X2 is an aromatic tetravalent functional group containing a polycyclic ring, and Y2 is an aromatic divalent functional group having 6 to 10 carbon atoms.


The present inventors have found through experiments that when the polyimide repeating unit represented by Chemical Formula 1 and the polyimide repeating unit represented by Chemical Formula 2 are included at the same time as in the polyimide-based resin film of the one embodiment, a polyimide resin film cured at a high temperature of 400° C. or more can minimize occurrence of warpage, has high flatness and dimensional stability, and can solve defects caused by the detachment phenomenon during a panel process, and at the same time, as the refractive index in the thickness direction increases, the difference between the refractive index in the plane direction and that in the thickness direction decreases, and the optical isotropy increases to realize a low retardation, thereby capable of securing a diagonal viewing angle of the display to which the polyimide-based resin film is applied, and preventing deterioration of visibility due to light distortion phenomena. The present disclosure has been completed on the basis of such findings.


Particularly, since the polyimide-based resin includes a reaction product obtained through imidization reaction of an aromatic tetracarboxylic dianhydride containing a polycyclic ring, and an aromatic diamine having 6 to 10 carbon atoms, as in the structure represented by Chemical Formula 2, high heat resistance can be ensured by physical and chemical actions caused by the structure of aromatic tetracarboxylic dianhydride containing a polycyclic ring, so that excellent flatness appears to be achieved not only in the film cured through heat treatment at a high temperature of 400° C. or more, but also during additional heat treatment of the cured film at a high temperature of 400° C. or more.
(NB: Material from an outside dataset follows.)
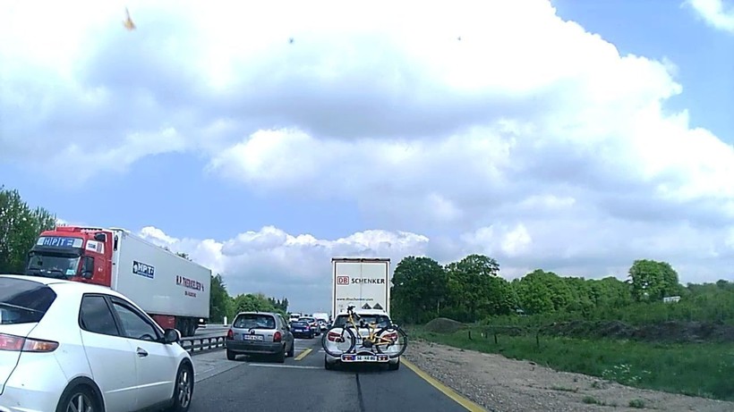 Пробки, как на этом моменте с бортовой камеры, бывают редко. Обычно можно держать скорость не менее 80–90 км/ч.

In addition, an asymmetric structure with increased steric hindrance due to the polycyclic ring is introduced into the polyimide chain structure, thereby capable of reducing the difference between the refractive index in the plane direction and that in the thickness direction and realizing a low retardation.


Further, the low retardation appears to be achieved by reducing the difference between the refractive index in the plane direction and that in the thickness direction due to the aromatic diamine having 6 to 10 carbon atoms having a curved asymmetric structure.
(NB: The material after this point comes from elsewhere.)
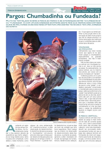 Pargos: Chumbadinha ou Fundeada? Muito se tem falado sobre a pesca ao pargo e as diferenças entre “chumbadinha” ou “fundeada”. É com um dos grandes skippers deste país que iremos descortinar quais as melhores ocasiões para optar por uma destas técnicas e ter uma jornada de sonho. etc. O que agora vou tentar partilhar é uma junção entre a observação do estilo muito próprio que ele foi desenvolvendo e a minha otimização dos melhores locais e condições para os diferentes tipos de pesca. Voltando ao princípio Ultimamente oiço dizer muitas vezes que agora só se apanham pargos à chumbadinha, especialmente os grandes exemplares…Isto não é totalmente verdade. Não se deve descurar a pesca vertical com chumbada normal e um, dois ou três anzóis ao pargo. Eu pessoalmente, na pesca vertical, uso no máximo dois anzóis, por vezes com os anzóis montados em “tandem”. A diferença entre um e outro tipo de pesca têm a ver também com a mentalidade do pescador que temos a bordo, pois há que diferenciar entre a arca cheia de peixe e uma “grade”; o verdadeiro pescador vocacionado e mentalizado para a pesca ao pargo, sabe que pode levar uma “grade” mas também pode ser a pesca do ano ou da vida, assim como até com um único peixe “fazer o dia”, e que não precisa de estar todo o dia a tirar peixe, pois que o resultado 90% das vezes se faz em pouco tempo e normalmente no virar da maré (para o pargo de preferência quando a viragem ocorre com sol alto).

Further, the polyimide-based resin includes a reaction product obtained through imidization reaction of an aromatic tetracarboxylic dianhydride containing a monocyclic ring, and an aromatic diamine having 6 to 10 carbon atoms, as in the structure represented by Chemical Formula 1, whereby the low retardation appears to be achieved by reducing the difference between the refractive index in the plane direction and that in the thickness direction due to the aromatic diamine having 6 to 10 carbon atoms having a curved asymmetric structure.
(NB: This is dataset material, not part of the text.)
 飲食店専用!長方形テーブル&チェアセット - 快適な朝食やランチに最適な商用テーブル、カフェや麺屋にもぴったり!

More specifically, in the case of a polyimide having a planar linear main chain structure, since polyimides are packed side by side and stacked, the refractive index in the thickness direction is low, whereas an asymmetric structure is introduced in a bent form into the polyimide chain structure, which can thus maintain the arrangement in the thickness direction and reducing the difference between the refractive index in the plane direction and that in the thickness direction, thereby realizing a low retardation.


The polyimide-based resin film according to the present disclosure can increase the refractive index, and can be used as a substrate layer in a flexible display device to reduce the difference in refractive indices between layers constituting a device, thereby reducing the amount of light that is dissipated inside and effectively increasing the efficiency of bottom emission of light.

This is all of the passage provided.